------ Exercise materials ------
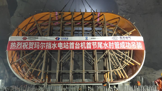 2022年5月25日10:58時,國家能源集團青?,敔枔跛娬緳C電安裝工程首臺大機(5#機組)尾水肘管首段(15、14管節)管節整體吊裝平穩落至5#機坑,順利實現了電站機電埋件期間首個重大節點目標,標志著瑪爾擋水電工程正式進入水輪發電機組埋件施工階段。
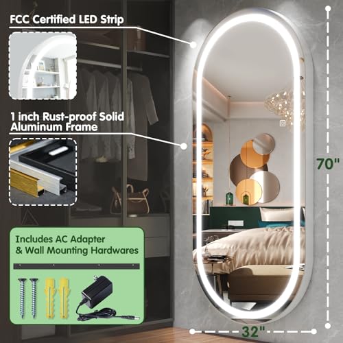FENNIO 70" x 32" Large Luxury Wall Mounted Mirror with LED Lights - Oval Full Length Mirror, LED Lighted Full Body Dressing Mirror for Bedroom, Salon, Dimmable & 3-Color Lighting
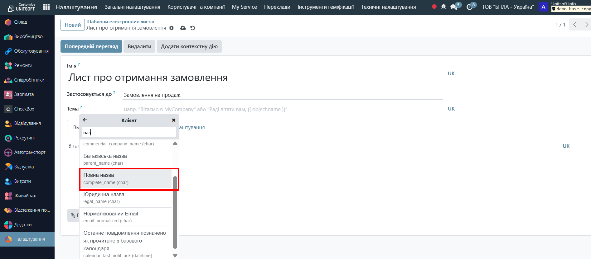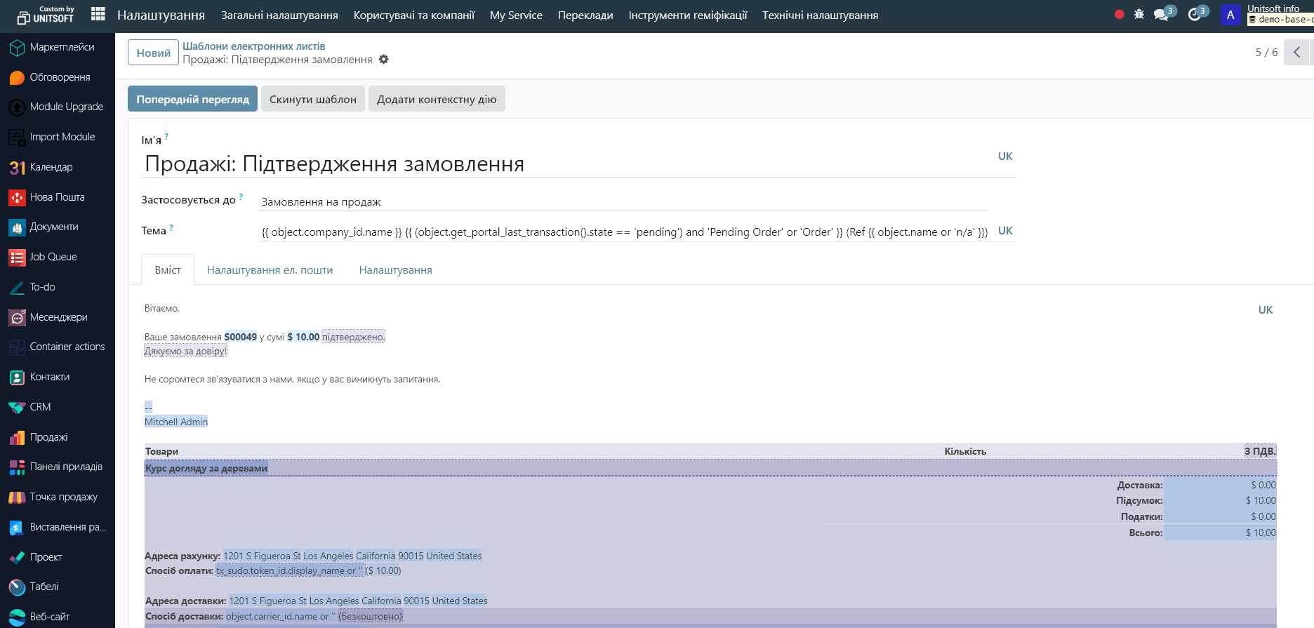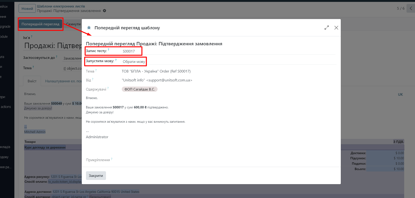 Click the 'Preview' button. Specify the test record (e.g., order – if the email is to be sent based on orders) and the language. Check the correctness of the data display:
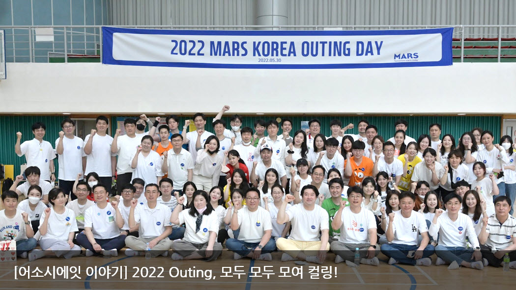 한국마즈는 매년 전 직원이 참석하는 아웃팅을 진행하여 직원 친목 및 단합을 도모합니다. 항상 기발한 프로그램과 푸짐한 상품으로 모든 직원들이 기다리는 행사죠! 코로나 상황에서는 단체로 모여 활동하는 것이 여의치 않아 온라인 방 탈출이나 랜선 워크숍으로 진행되었는데요 2022년 5월 30일 드디어 첫 오프라인 아웃팅을 하게 되었답니다. 야호!
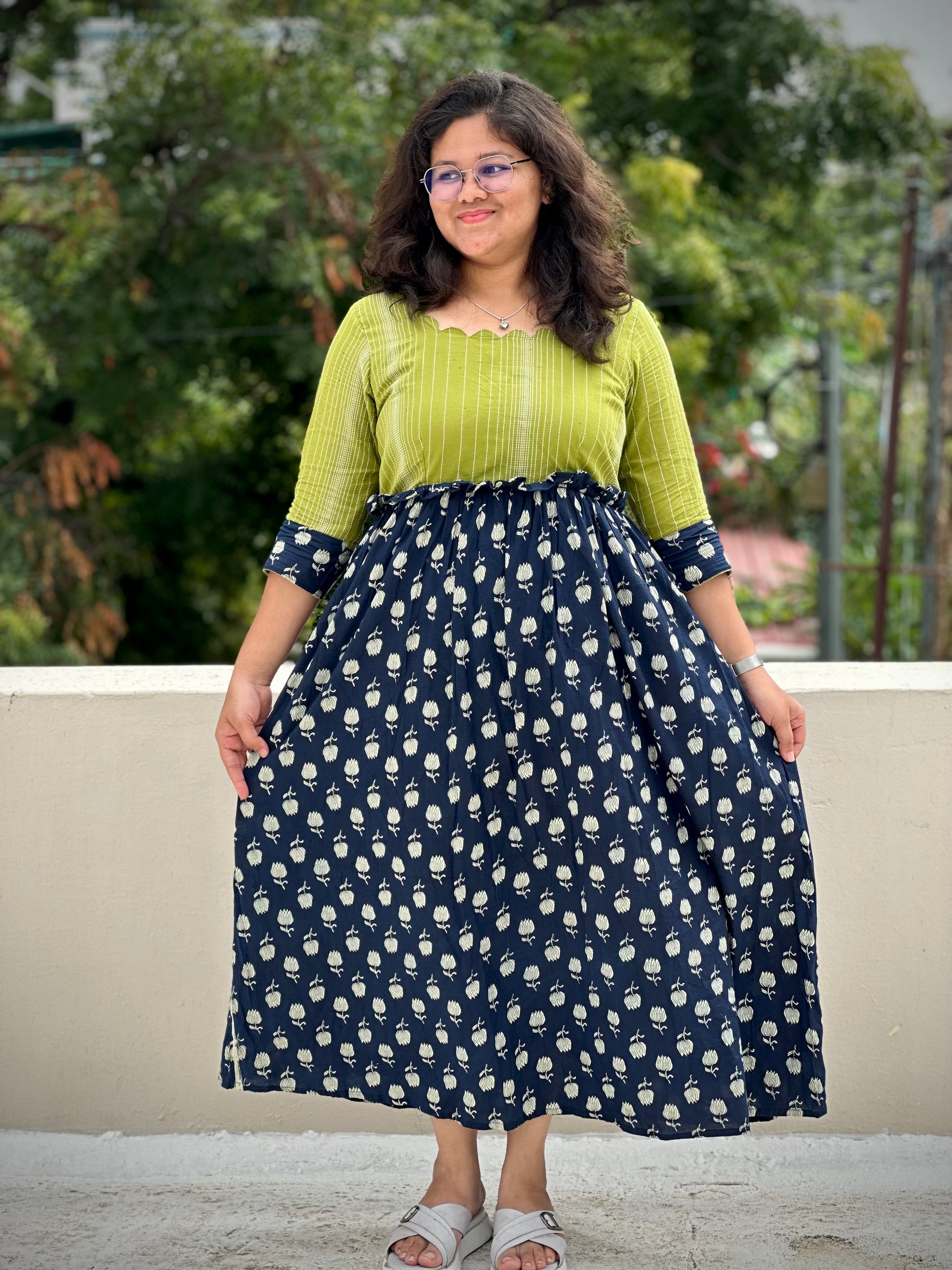 Style: 1 layer Maxi /Scallop neck / 3/4th sleeve
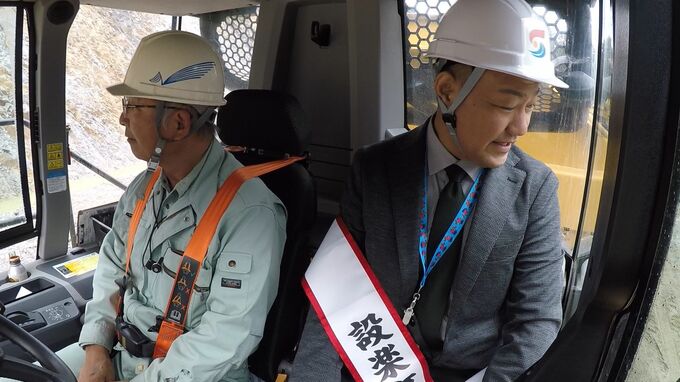 「一日町長」としての視察ということで、特別にダンプに乗り込んだり、一般の見学ツアーでは見られない現場にも。
------
Exercise directions:
Nothing but the lines from the one containing "한국마즈는 매년 전 직원이" through the final line of the entries above should be given again, each exactly as written; omit the pictures.

Exercise result:
 한국마즈는 매년 전 직원이 참석하는 아웃팅을 진행하여 직원 친목 및 단합을 도모합니다. 항상 기발한 프로그램과 푸짐한 상품으로 모든 직원들이 기다리는 행사죠! 코로나 상황에서는 단체로 모여 활동하는 것이 여의치 않아 온라인 방 탈출이나 랜선 워크숍으로 진행되었는데요 2022년 5월 30일 드디어 첫 오프라인 아웃팅을 하게 되었답니다. 야호!
 Style: 1 layer Maxi /Scallop neck / 3/4th sleeve
 「一日町長」としての視察ということで、特別にダンプに乗り込んだり、一般の見学ツアーでは見られない現場にも。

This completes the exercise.